With new leadership in place, Chatham County Recorder’s Court officials are taking steps to improve internal controls and procedures almost three years after auditors found citations and outstanding fines were not being properly monitored.
The issues cited in the 2010 audit included a flawed computer system that sometimes skipped blocks of receipt numbers, making it more difficult to verify the settlement of cases and payment of fines.
Court officials were also not keeping track of how much in fines were owed. After performing their own review, auditors found from 2006 through July 2010 there was a shortfall of about $3.5 million in traffic fine payments.
A couple of additional checks from prior years revealed almost $256,000 in outstanding fines from the year 2000 and another $417,000 from 1995.
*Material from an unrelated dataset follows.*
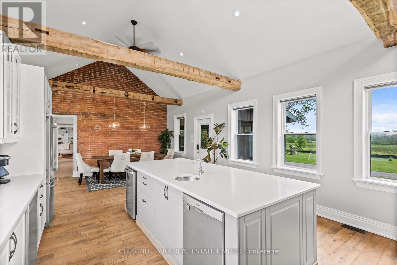 WORK FROM HOME - LESS THAN AN HOUR TO THE GTA! RARE RENOVATED FARMHOUSE ON 3 ACRES - 5 MINUTES TO PETERBOROUGH & HWY 115! Large Winterized Warehouse (3700+ sqft), Detached Garage (621 sqft) & 4300+ Sqft Barn Footprint! Once in a lifetime opportunity to own a gorgeous estate home on the edge of Peterborough. This modern farmhouse has been incredibly updated & is set on a serene 3-acre lot. With 4 spacious bedrooms & 2 large bathrooms, this remarkable home is highlighted by a beautiful chef's kitchen with cathedral ceilings, oversized island, natural gas stove, open concept dining space & walkout to a covered porch/patio ideal for entertaining. Outbuildings & property offer incredible potential, perfect for your home business or recreational enjoyment. Prime location only 500 meters from Peterborough city limits enjoy convenient access to schools, hospital (15 mins), shopping, Costco (10 mins), boating/fishing on the Otonabee & Trent Severn Waterway, Hwy 115, Hwy 407, airport, & more. FUTURE POTENTIAL: Zoning permits the potential for a second home on the property & significant development potential if desired. Don't miss out on this incredible opportunity book a showing today! (id:61423)

Tammy Stokes, who had recently been sworn in as chief judge, requested last June that the county retain TATC Consulting. The county had a contract with the firm stemming to 2008 to evaluate the efficiency of various county departments on an as-needed basis.
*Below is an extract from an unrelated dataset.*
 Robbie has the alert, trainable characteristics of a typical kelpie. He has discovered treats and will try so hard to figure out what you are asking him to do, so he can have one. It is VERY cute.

County Manager Russ Abolt said the consultant contract was approved to provide an impartial resource the county could call upon when necessary.
In a memo to Abolt dated June 14, Stokes said she was requesting the assistance after concluding there was no written procedure for writing citations and no self-auditing system to ensure correctness. Stokes asked that TATC document the citation process to help improve use of staff, work flow and accuracy.
The management firm submitted a draft report last month after county commissioners approved the review in November at a cost of $19,500, plus travel expenses. Sixty-eight percent of the cost is to be paid by the city of Savannah.
The firm recommended the court convert from a manual to an automated system using technology that is already in place, that online payments be more actively promoted and that a system for reporting owed fines be developed.
In addition, the consultant recommended more aggressive strategies for reducing the amount of outstanding fines such as the booting of vehicles and the use of a collection agency.
Ken Murray, who conducted the study for TATC, declined to comment.
Stokes said Wednesday the court is in the process of reviewing and implementing recommendations. A contract to hire a collection agency is expected to be considered by the Savannah City Council this month, Stokes said.
The firm also presented a plan for streamlining the citation process from the point of issuance to a court resolution in order to eliminate duplication and cut costs — a plan that would reduce the number of work steps by more than half.
“It wasn’t a surprise,” Stokes said. “It confirmed what we thought.”